(Data records)
>>>
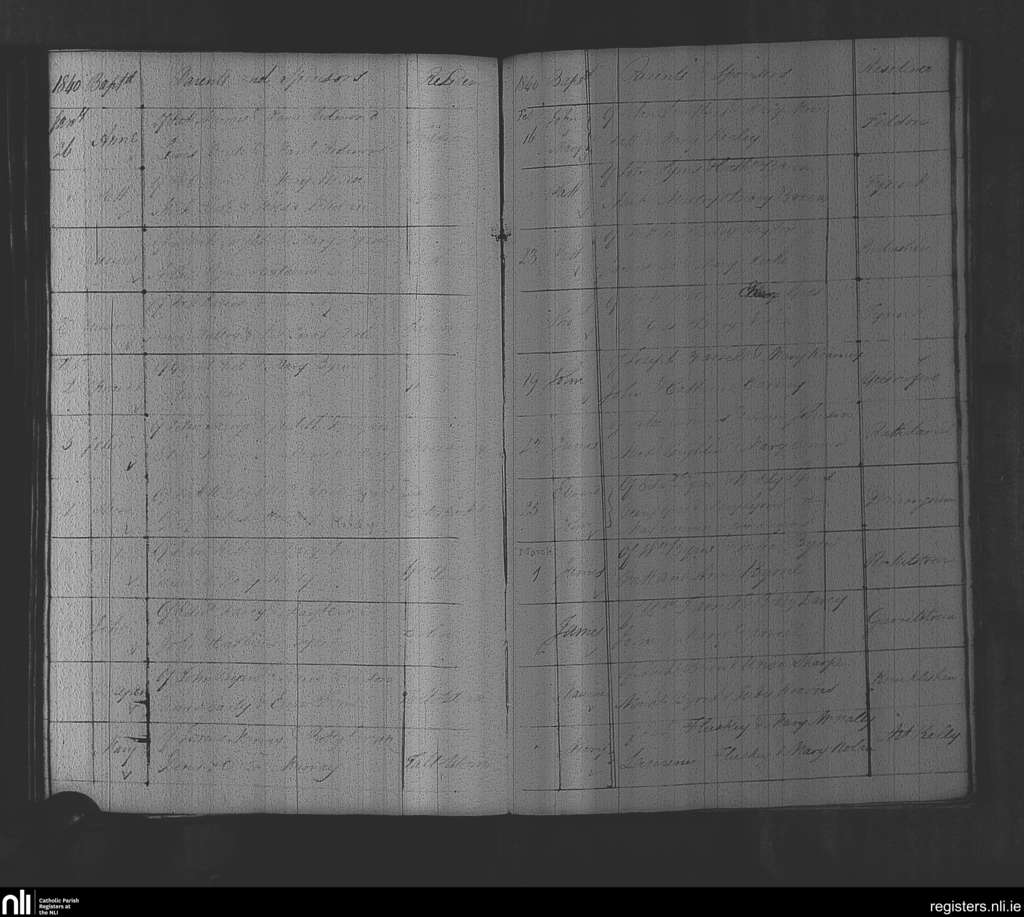 Rathvilly; County of Wicklow, Carlow; Diocese of Kildare and Leighlin. Baptisms, Jan. 1840 to Mar. 1840
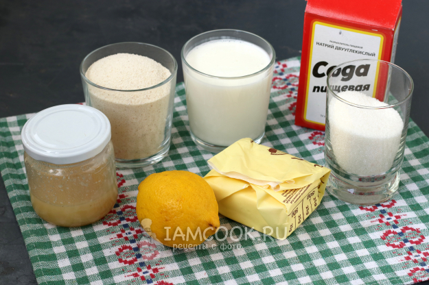 Для приготовления лимонного манника без яиц и муки нам потребуются следующие ингредиенты.
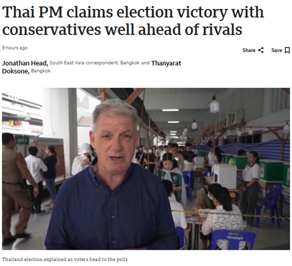 สุดท้ายสำนักข่าว แอสโซซิเอทเต็ด เพรส (Associated Press : AP) รายงานว่า พรรคภูมิใจไทย ซึ่งเป็นพรรคอนุรักษ์นิยมของไทย นำหน้าพรรคอื่นในผลสำรวจ แต่จำเป็นต้องหาพรรคร่วมรัฐบาลเพื่อจัดตั้งรัฐบาล
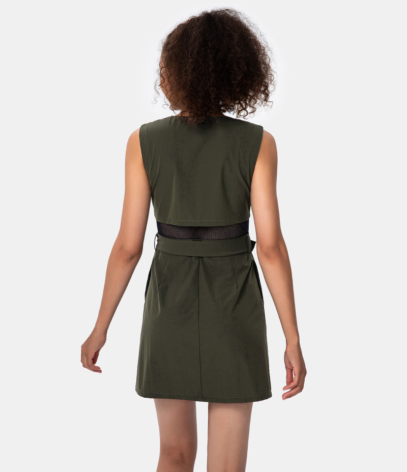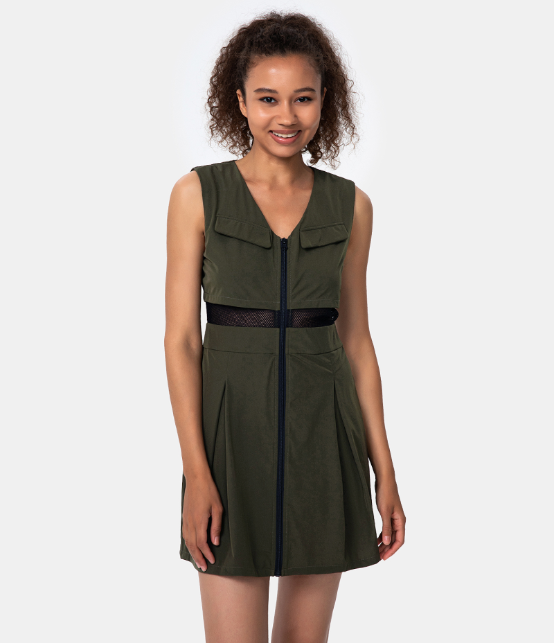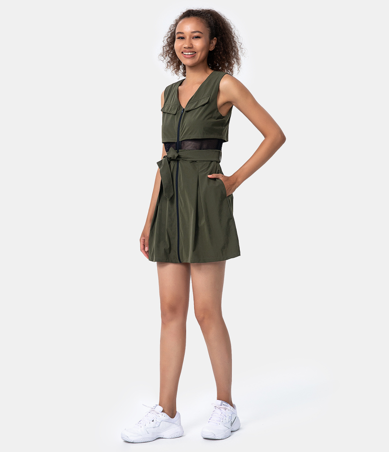 :: Halara Zipper Contrast Mesh Belted Side Pocket Sports Women's Dress Grey Green | 281376-POL
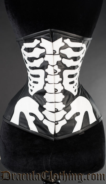 Model wearing black faux leather corset with white skeleton design on an underbust style
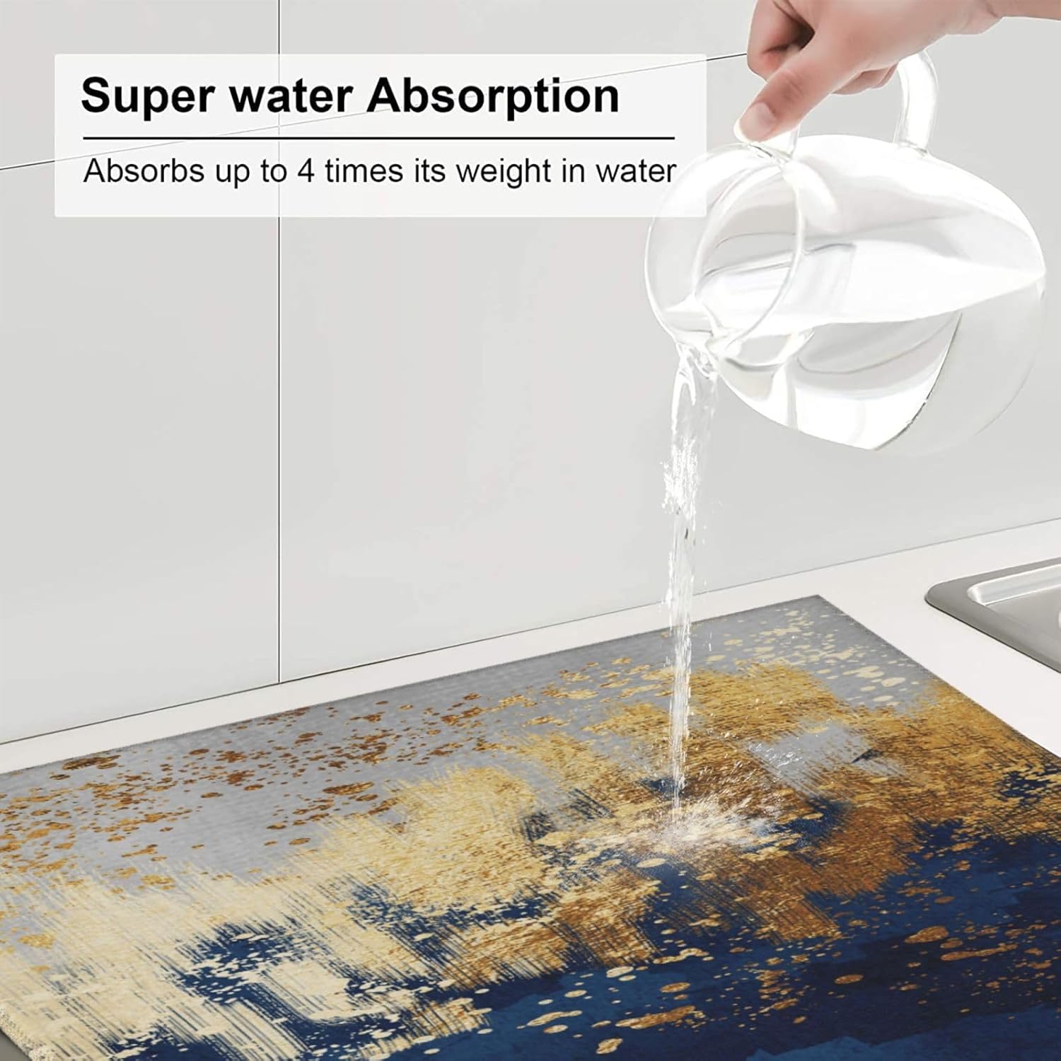 • Luxury Abstract Art Design with Navy Blue & Gold - Featuring dynamic navy blue and gold abstract patterns with artistic textural details, this decorative drying mat is not just a functional dish drying pad for kitchen counter but also a luxury modern kitchen mat that brings a touch of high-end art to your sink, dining area, and home decor
<<<
TASK STATEMENT: Every entry above is to be printed again exactly, pictures omitted.

OUTPUT OF THE TASK:
 Rathvilly; County of Wicklow, Carlow; Diocese of Kildare and Leighlin. Baptisms, Jan. 1840 to Mar. 1840
 Для приготовления лимонного манника без яиц и муки нам потребуются следующие ингредиенты.
 สุดท้ายสำนักข่าว แอสโซซิเอทเต็ด เพรส (Associated Press : AP) รายงานว่า พรรคภูมิใจไทย ซึ่งเป็นพรรคอนุรักษ์นิยมของไทย นำหน้าพรรคอื่นในผลสำรวจ แต่จำเป็นต้องหาพรรคร่วมรัฐบาลเพื่อจัดตั้งรัฐบาล
 :: Halara Zipper Contrast Mesh Belted Side Pocket Sports Women's Dress Grey Green | 281376-POL
 Model wearing black faux leather corset with white skeleton design on an underbust style
 • Luxury Abstract Art Design with Navy Blue & Gold - Featuring dynamic navy blue and gold abstract patterns with artistic textural details, this decorative drying mat is not just a functional dish drying pad for kitchen counter but also a luxury modern kitchen mat that brings a touch of high-end art to your sink, dining area, and home decor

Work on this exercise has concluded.